▶ **Collected data**
+-------+

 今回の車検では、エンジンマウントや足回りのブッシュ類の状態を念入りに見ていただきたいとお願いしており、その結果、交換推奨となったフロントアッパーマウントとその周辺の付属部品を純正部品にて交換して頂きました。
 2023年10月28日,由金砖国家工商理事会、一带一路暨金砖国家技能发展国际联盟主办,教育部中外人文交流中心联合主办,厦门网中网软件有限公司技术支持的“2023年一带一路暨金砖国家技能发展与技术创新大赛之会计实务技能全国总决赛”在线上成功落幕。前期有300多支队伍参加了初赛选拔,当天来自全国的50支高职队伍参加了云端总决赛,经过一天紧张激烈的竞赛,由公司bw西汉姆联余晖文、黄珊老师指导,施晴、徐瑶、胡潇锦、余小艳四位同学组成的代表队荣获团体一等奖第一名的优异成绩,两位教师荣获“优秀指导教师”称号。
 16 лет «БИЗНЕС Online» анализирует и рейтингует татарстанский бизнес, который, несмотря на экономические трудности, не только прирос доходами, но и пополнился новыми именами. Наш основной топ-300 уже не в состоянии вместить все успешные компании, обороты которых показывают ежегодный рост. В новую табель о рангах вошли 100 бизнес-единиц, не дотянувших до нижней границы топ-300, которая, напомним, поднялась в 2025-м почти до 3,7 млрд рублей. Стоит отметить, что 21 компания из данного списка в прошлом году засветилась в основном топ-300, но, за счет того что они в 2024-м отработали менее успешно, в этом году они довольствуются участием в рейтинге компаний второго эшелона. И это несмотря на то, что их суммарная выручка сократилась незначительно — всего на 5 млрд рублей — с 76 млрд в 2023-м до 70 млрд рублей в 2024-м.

+-------+

▶ **Exercise aim**
Return each line exactly, beginning at the start of the material above and ending at the line that includes "2023年10月28日,由金", with both of those kept.

▶ **Task result**
 今回の車検では、エンジンマウントや足回りのブッシュ類の状態を念入りに見ていただきたいとお願いしており、その結果、交換推奨となったフロントアッパーマウントとその周辺の付属部品を純正部品にて交換して頂きました。
 2023年10月28日,由金砖国家工商理事会、一带一路暨金砖国家技能发展国际联盟主办,教育部中外人文交流中心联合主办,厦门网中网软件有限公司技术支持的“2023年一带一路暨金砖国家技能发展与技术创新大赛之会计实务技能全国总决赛”在线上成功落幕。前期有300多支队伍参加了初赛选拔,当天来自全国的50支高职队伍参加了云端总决赛,经过一天紧张激烈的竞赛,由公司bw西汉姆联余晖文、黄珊老师指导,施晴、徐瑶、胡潇锦、余小艳四位同学组成的代表队荣获团体一等奖第一名的优异成绩,两位教师荣获“优秀指导教师”称号。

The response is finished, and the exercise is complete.